■ RECORDS SUPPLIED:
-------

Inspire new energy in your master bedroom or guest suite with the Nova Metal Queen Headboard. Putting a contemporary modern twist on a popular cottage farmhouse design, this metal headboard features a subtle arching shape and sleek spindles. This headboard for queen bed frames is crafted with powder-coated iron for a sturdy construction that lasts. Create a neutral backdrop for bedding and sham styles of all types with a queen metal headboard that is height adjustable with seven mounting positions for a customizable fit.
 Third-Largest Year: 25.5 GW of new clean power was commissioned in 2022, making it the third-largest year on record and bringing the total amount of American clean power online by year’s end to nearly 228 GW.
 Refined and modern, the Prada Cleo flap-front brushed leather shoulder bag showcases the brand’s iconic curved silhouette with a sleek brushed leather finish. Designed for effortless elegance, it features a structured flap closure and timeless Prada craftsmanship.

-------

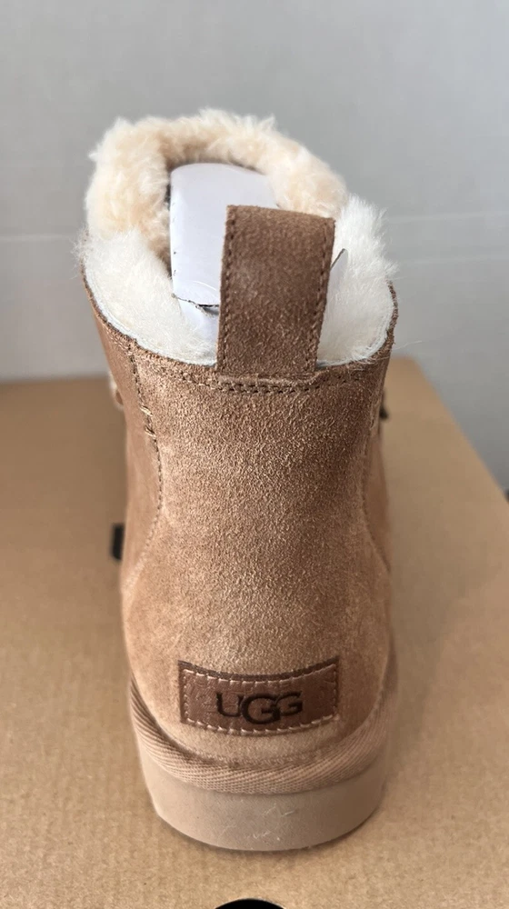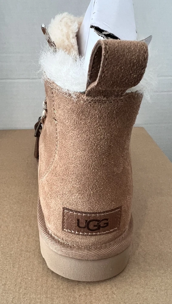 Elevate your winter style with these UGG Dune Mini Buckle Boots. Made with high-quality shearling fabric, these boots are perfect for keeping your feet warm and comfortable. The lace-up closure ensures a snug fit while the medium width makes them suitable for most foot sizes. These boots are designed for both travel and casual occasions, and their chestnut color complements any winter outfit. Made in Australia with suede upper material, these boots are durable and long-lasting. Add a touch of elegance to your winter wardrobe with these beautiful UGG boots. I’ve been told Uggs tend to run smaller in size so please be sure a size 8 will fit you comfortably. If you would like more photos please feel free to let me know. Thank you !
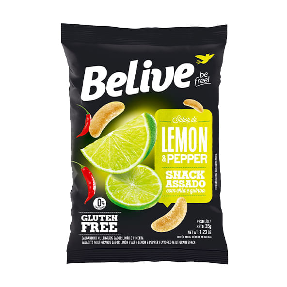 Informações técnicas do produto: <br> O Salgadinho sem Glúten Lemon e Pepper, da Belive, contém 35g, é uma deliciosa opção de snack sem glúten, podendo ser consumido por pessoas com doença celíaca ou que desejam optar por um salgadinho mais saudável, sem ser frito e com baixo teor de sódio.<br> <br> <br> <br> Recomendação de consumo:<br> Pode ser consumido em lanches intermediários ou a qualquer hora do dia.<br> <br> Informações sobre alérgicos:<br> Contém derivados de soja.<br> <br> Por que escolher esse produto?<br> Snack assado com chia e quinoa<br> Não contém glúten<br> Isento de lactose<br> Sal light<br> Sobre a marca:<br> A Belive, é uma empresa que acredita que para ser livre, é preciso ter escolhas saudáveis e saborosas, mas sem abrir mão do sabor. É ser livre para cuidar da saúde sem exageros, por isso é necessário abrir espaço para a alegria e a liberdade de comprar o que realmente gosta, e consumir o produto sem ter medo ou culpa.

-------

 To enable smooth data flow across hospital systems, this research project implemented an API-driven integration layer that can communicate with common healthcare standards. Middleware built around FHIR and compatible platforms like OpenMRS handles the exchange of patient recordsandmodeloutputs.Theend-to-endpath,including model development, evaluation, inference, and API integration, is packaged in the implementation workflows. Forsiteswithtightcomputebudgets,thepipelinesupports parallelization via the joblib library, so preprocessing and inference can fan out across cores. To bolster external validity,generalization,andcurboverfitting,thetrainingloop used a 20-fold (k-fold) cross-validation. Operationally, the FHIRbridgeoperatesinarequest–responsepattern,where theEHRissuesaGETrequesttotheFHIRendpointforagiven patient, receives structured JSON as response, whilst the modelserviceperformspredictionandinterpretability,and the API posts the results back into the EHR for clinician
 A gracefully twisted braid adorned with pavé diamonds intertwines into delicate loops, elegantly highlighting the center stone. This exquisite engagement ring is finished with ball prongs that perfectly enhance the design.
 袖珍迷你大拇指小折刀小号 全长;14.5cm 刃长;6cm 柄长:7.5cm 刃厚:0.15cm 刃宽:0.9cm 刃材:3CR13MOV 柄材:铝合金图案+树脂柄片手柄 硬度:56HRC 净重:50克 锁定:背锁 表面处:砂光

-------

■ PROMPT: From the records above, transcribe exactly the run of lines that opens with the line holding "A gracefully twisted" and closes with the line holding "袖珍迷你大拇指小折刀小号 全长;14.5cm 刃长;6cm", both included.

■ SOLUTION TO THIS PROBLEM:
 A gracefully twisted braid adorned with pavé diamonds intertwines into delicate loops, elegantly highlighting the center stone. This exquisite engagement ring is finished with ball prongs that perfectly enhance the design.
 袖珍迷你大拇指小折刀小号 全长;14.5cm 刃长;6cm 柄长:7.5cm 刃厚:0.15cm 刃宽:0.9cm 刃材:3CR13MOV 柄材:铝合金图案+树脂柄片手柄 硬度:56HRC 净重:50克 锁定:背锁 表面处:砂光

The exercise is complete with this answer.